PostgreSQL data warehouse population

At this point the data warehouse was migrated into a relational database, hosted as a local PostgreSQL instance, with the MongoDB to PostgreSQL migration script.

This warehouse was build with a snowflake schema to ensure data consistency and reduce data redundancy. Here is a graphical representation (ERD) of the PostgreSQL data warehouse’s structure:

ERD created with dbdiagram.io

Several of the fields in this warehouse contain text or words in Italian. Therefore, this script also takes care of translating into English the fields that will be used in the remainder of the project. Translations are done automatically with a local instance of LibreTranslate, with some manual adjustments for real estate-specific jargon.

Since there are a lot of records in the database (~1 million), the script divides the data migration into batches of 10,000 records and uses dynamic task generation to achieve this.

Synthetic data generation

Once the PostgreSQL data warehouse has been populated and the useful fields have been translated into English, the synthetic data generation script extracts relevant information from the PostgreSQL warehouse and uses it to create a pandas dataframe, with some data transformations in the process:

listing_id: same as in the PostgreSQL warehouse
listing_type: same as in the PostgreSQL warehouse
price: same as in the PostgreSQL warehouse
surface: same as in the PostgreSQL warehouse
seller_type: same as in the PostgreSQL warehouse
condominium_monthly_expenses: same as in the PostgreSQL warehouse
heating_yearly_expenses: same as in the PostgreSQL warehouse
type_of_property: same as in the PostgreSQL warehouse
condition: same as in the PostgreSQL warehouse
category_name: same as in the PostgreSQL warehouse
total_room_number: same as in the PostgreSQL warehouse
bathrooms_number: same as in the PostgreSQL warehouse
kitchen_status: same as in the PostgreSQL warehouse
garage: 1 if the property has at least one garage/parking spot, 0 otherwise
floor: same as in the PostgreSQL warehouse
has_elevator: same as in the PostgreSQL warehouse (with 1 for True and 0 for False)
building_usage: same as in the PostgreSQL warehouse
building_year: same as in the PostgreSQL warehouse
total_building_floors: same as in the PostgreSQL warehouse
is_zero_energy: same as in the PostgreSQL warehouse (with 1 for True and 0 for False)
heating_type: same as in the PostgreSQL warehouse
energy_class: same as in the PostgreSQL warehouse, but converted to numbers (from G→10 to B→5, A1→4, and so on until A4→1)
air_conditioning: same as in the PostgreSQL warehouse
latitude: same as in the PostgreSQL warehouse
longitude: same as in the PostgreSQL warehouse
region: same as in the PostgreSQL warehouse
province: same as in the PostgreSQL warehouse
features: the dataframe then contains a series of one-hot encoded columns, one for each of the additional features that can potentially be found in a listing; if the column contains 1 then that listing has that particular feature, otherwise it contains 0

This data is then used to generate synthetic data with a custom algorithm¹ (based on the K Nearest Neighbors algorithm) that I developed.

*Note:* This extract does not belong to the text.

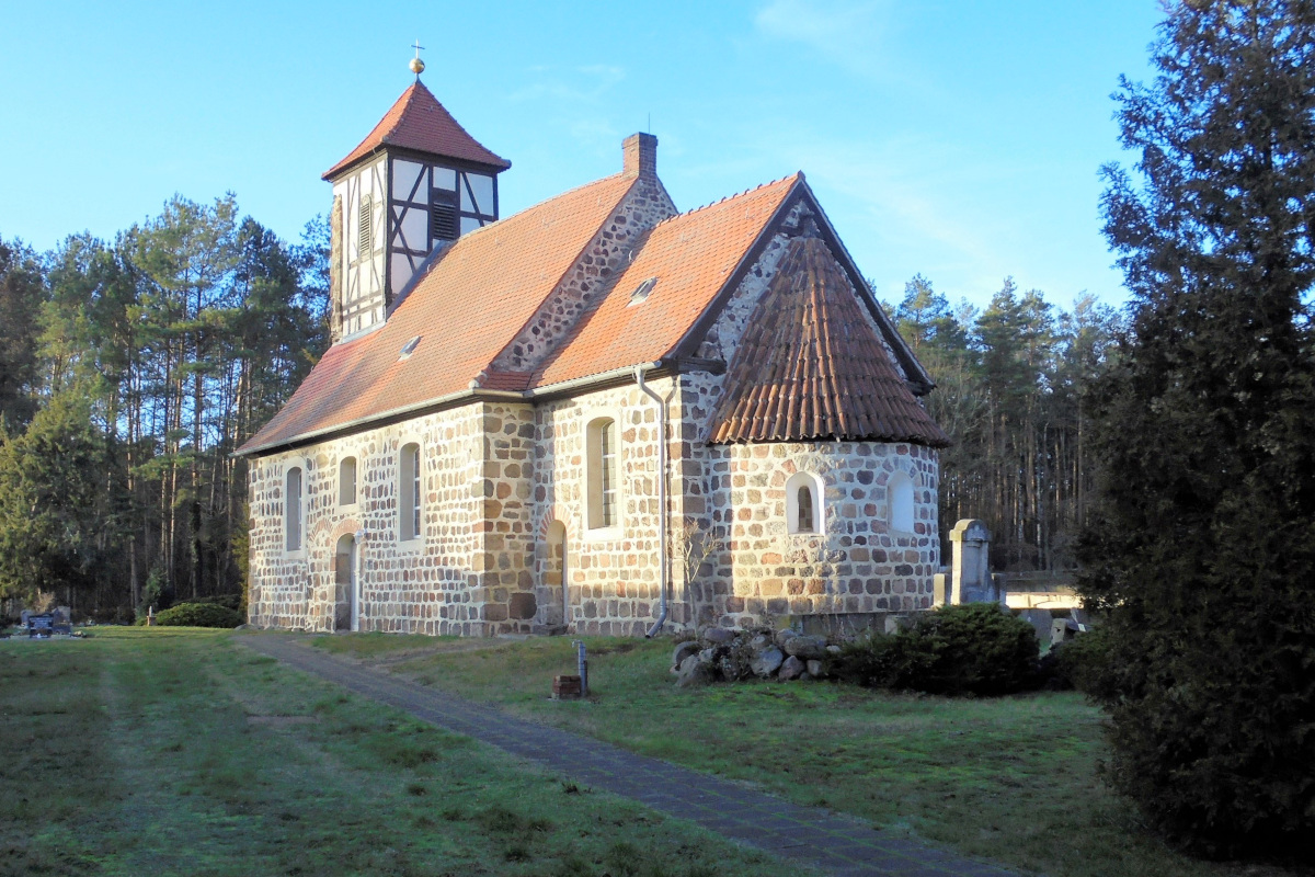 Wir steigen ab in das Tal des Grieboer Baches. Zwei ehemalige Wüstungen machen nur noch durch ihre Flurnamen auf sich ausmerksam, zunächst Knosdorf, später dann Dahlen­dorf, auch Dalau genannt. Im Gebiet eines Flächennatur­denk­males finden sich vielleicht noch einige Biberspuren; zumindest sehen wir, wie der Biber dort die Landschaft gestaltet hat. Möllensdorf erreichen wir dort, wo im Dezember stets der inzwischen weithin bekannte Waldweihnachtsmarkt stattfindet. Im Dorf entdecken wir noch einen restaurierten Ziehbrunnen. Nach einer kurzen Besichtigung der spätromanischen Feldstein-Flämingkirche in Möllensdorf verlassen wir das Dorf auf dem Weg in Richtung Wahlsdorf.
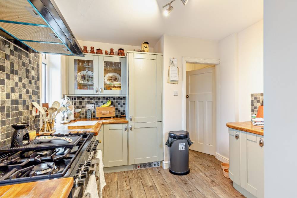 The utility is fitted with storage cupboards and amenities for laundering. It also features tiled walling and from here leads to a door that exits to the back garden via a flight of steps.

Here is a schematic description of how the algorithm works:

For a given listing type (i.e., rent, auction or sale), the algorithm randomly draws one of that type
The algorithm looks for the 5 nearest neighbors, where the distance metric is a weighted average of the distances of price, surface, latitude and longitude. In other words, we look for 5 physically close listings that have similar price and surface as the one selected
A new synthetic listing is created by taking the weighted average of the numerical features (e.g., price, surface, latitude and longitude) of the neighbors, while for each categorical feature we choose the most frequent among the neighbors
The generation of synthetic listings is repeated until desired
A post-processing step makes sure that all the listing’s coordinates are within the borders of the Italian provinces they are supposed to belong

This algorithm, therefore, ensures that none of the synthetic listings contains exactly the same information as the original dataset, but the statistical properties of the data are left basically unchanged.

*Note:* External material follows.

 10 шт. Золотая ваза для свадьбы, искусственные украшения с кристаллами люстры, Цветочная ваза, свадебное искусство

The synthetic data generation script also takes advantage of Tensorflow’s GPU acceleration

I used this algorithm to generate a number of synthetic listings of each type that resembles the number in the original dataset.

ML rent predictor model training

Once the synthetic data is ready, the rent predictor script takes care of the creation of a Machine Learning model to predict the cost of the rent for real estate listings. In other words, we extract the rent listings from the synthetic data to train a rent predictor model, with the idea to then apply it to auction and sale listings to determine the amount of monthly rent that can be earned after buying a particular property.

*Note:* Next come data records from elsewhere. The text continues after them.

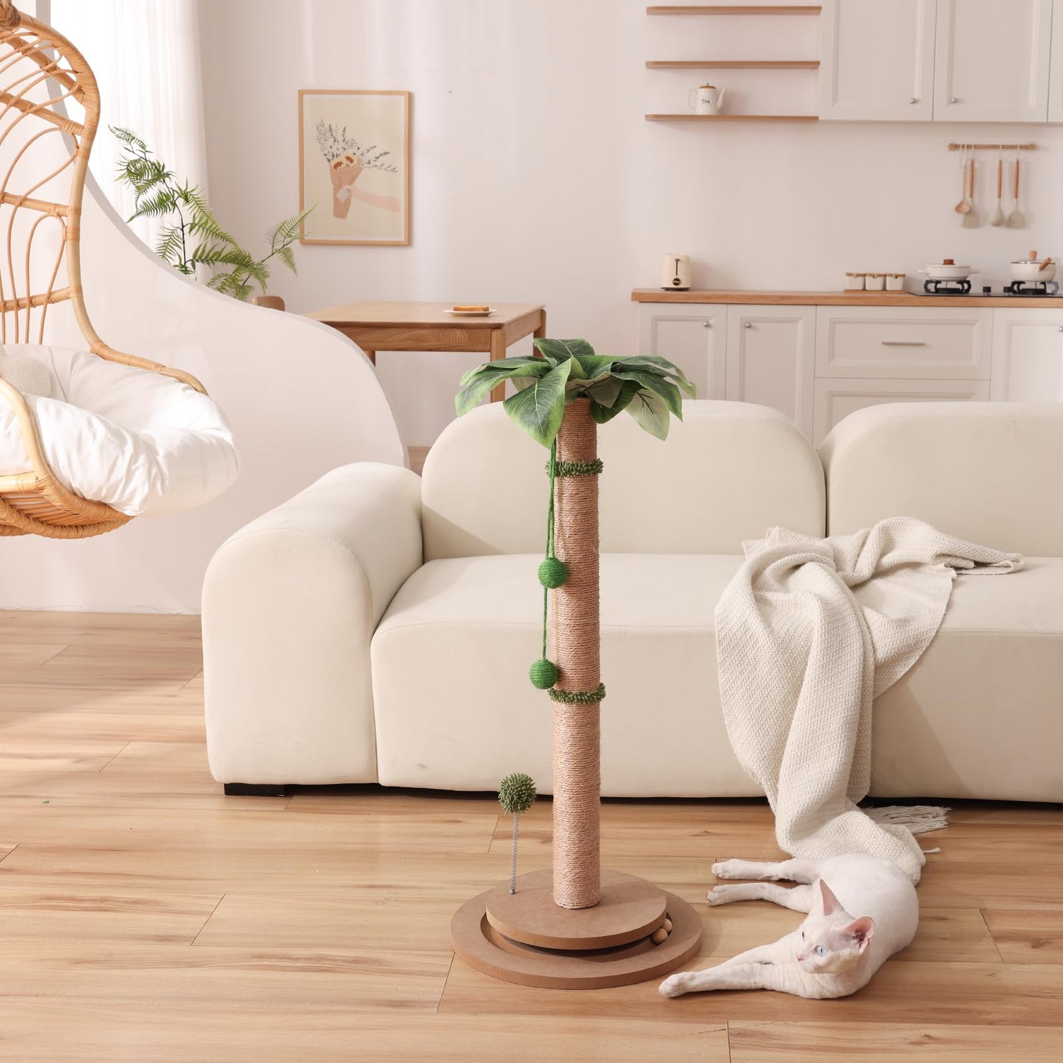 Aplatho Scratching Posts for Indoor Cats Adults - 33.2" Tall Cat Scratching Post with Sisal Rope - Cute Kitten Cat Tree Scratching Post with Interactive Ball Track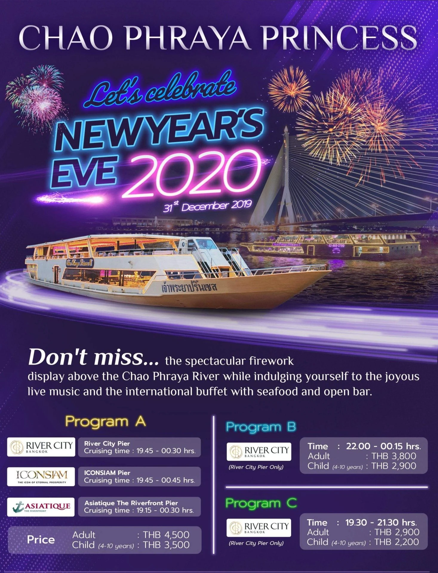 โปรแกรมการล่องเรือเทศกาลปีใหม่ ปี 2020 เรือเจ้าพระยาปริ้นเซส
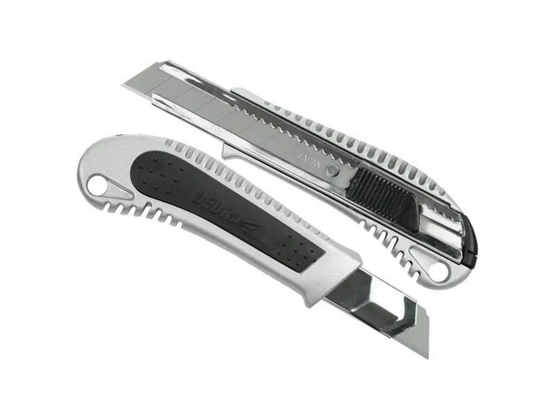 Šírka čepele: 18 mm; kryt: kov/guma; kovové vedenie; západka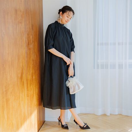 光の当たり方によって見え方が変わるシャンブレー生地を使用した、上品で光沢感のあるドレス。
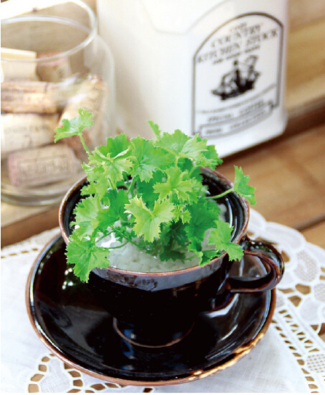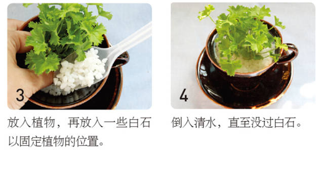 想必你家中也有那么几个弃之可惜、用之无趣的茶杯吧?现在就是它们派上用场的时候啦。像茶杯这样开口较大的容器非常适合水培植物。为了防止植物倾倒,最好放一些白石在杯底。记得杯中水量减少时要及时补充。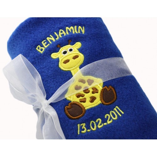 Gorgeous Personalised Soft Touch Baby Embroidered Blanket Gift for a Baby Boy, with cute Fat Giraffe Design. Your babies name will be embroidered above, you can add a date of birth as well if you wish. The blanket will be tied with beautiful Organza Ribbon to make your gift extra special.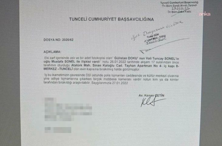 Buna göre dönemin Tunceli Barosu Başkanı Kenan Çetin’in şehirde bulunan evinin kapısına 26 Ocak 2026 akşamı bir not bırakıldı. Notta “Gülistan Doku’nun Vali Tuncay Sonel’in oğlu Mustafa Sonel ile ilişkisi vardı” ifadeleri yazıldı.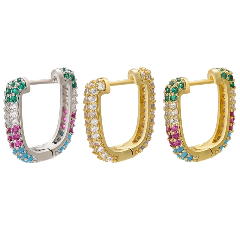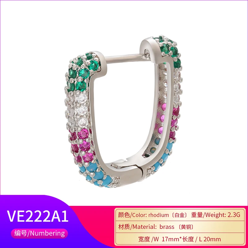 ZHUKOU 1piece CZ crystal small hoop earring for women gold/silver color rainbow Round/rectangle hoop earring Jewelry VE222 VE251

Since there are potentially many non-linear and non-trivial relationships between the listings’ features, I opted for a Random Forest Regressor model. All details can be found in the rent predictor script.

After training the model and making sure it’s doing an acceptable job, the value of the rent is predicted for all sale and auction listings, and the results are put in a dataset for visualization with Tableau.

Data visualization with dashboard

The final result of this project is a Tableau dashboard, which can be found here.

Footnotes

I have originally tried to train a generative model (CTGAN from the Synthetic Data Vault) to create the synthetic data. The task proved too difficult to tackle with the computational power I had available at the time I was working on this project (i.e., my own personal laptop): the CTGAN was only able to learn the distributions of all the listing’s features, but not their correlations. Therefore, critical information like the relationship between location and price was completely lost. For this reason I took a step back and developed my own algorithm as described here. ↩